• _YOUR ASSIGNMENT_
Copy the listing verbatim, excluding any images found in it.

• _DATA EXTRACT_
BEGIN

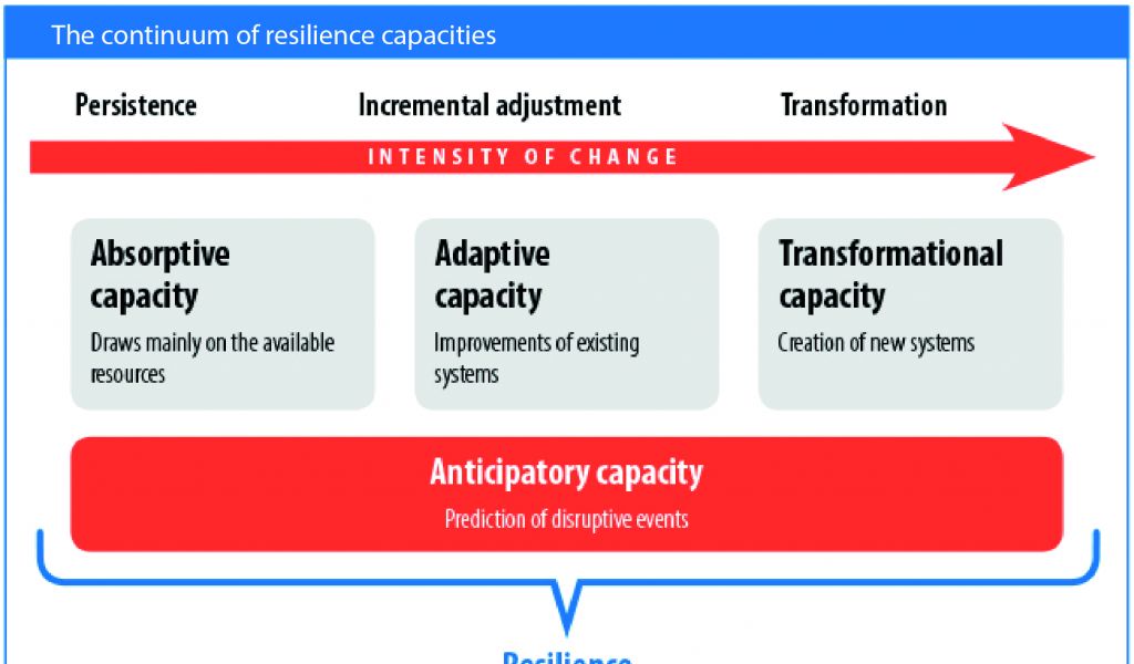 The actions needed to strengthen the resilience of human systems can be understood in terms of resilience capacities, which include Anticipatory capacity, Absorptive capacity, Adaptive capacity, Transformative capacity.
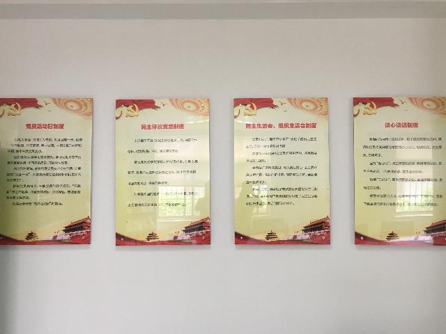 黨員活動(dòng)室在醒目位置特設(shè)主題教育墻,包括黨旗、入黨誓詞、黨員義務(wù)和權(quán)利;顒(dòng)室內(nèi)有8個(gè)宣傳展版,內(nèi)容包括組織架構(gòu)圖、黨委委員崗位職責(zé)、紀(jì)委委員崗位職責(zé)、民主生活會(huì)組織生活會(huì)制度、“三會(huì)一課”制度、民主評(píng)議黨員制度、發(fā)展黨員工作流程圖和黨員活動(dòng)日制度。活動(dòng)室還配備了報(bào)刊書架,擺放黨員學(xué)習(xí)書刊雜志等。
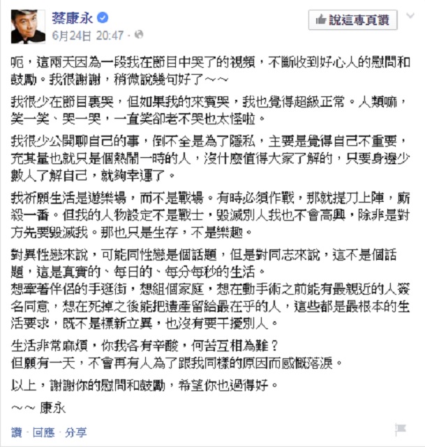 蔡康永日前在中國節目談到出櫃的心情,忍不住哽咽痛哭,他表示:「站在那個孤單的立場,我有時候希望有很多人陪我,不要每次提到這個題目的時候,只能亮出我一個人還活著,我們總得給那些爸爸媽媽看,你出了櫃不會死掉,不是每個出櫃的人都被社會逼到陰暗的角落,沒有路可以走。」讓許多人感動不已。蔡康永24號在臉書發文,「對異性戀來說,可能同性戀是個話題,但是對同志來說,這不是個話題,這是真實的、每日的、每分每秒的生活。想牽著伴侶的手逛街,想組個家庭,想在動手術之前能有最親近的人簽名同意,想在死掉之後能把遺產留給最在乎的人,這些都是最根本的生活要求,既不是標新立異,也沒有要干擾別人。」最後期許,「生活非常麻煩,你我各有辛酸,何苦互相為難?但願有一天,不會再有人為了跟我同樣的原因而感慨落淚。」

END

• _REPLY TO THE TASK_
 The actions needed to strengthen the resilience of human systems can be understood in terms of resilience capacities, which include Anticipatory capacity, Absorptive capacity, Adaptive capacity, Transformative capacity.
 黨員活動(dòng)室在醒目位置特設(shè)主題教育墻,包括黨旗、入黨誓詞、黨員義務(wù)和權(quán)利;顒(dòng)室內(nèi)有8個(gè)宣傳展版,內(nèi)容包括組織架構(gòu)圖、黨委委員崗位職責(zé)、紀(jì)委委員崗位職責(zé)、民主生活會(huì)組織生活會(huì)制度、“三會(huì)一課”制度、民主評(píng)議黨員制度、發(fā)展黨員工作流程圖和黨員活動(dòng)日制度。活動(dòng)室還配備了報(bào)刊書架,擺放黨員學(xué)習(xí)書刊雜志等。
 蔡康永日前在中國節目談到出櫃的心情,忍不住哽咽痛哭,他表示:「站在那個孤單的立場,我有時候希望有很多人陪我,不要每次提到這個題目的時候,只能亮出我一個人還活著,我們總得給那些爸爸媽媽看,你出了櫃不會死掉,不是每個出櫃的人都被社會逼到陰暗的角落,沒有路可以走。」讓許多人感動不已。蔡康永24號在臉書發文,「對異性戀來說,可能同性戀是個話題,但是對同志來說,這不是個話題,這是真實的、每日的、每分每秒的生活。想牽著伴侶的手逛街,想組個家庭,想在動手術之前能有最親近的人簽名同意,想在死掉之後能把遺產留給最在乎的人,這些都是最根本的生活要求,既不是標新立異,也沒有要干擾別人。」最後期許,「生活非常麻煩,你我各有辛酸,何苦互相為難?但願有一天,不會再有人為了跟我同樣的原因而感慨落淚。」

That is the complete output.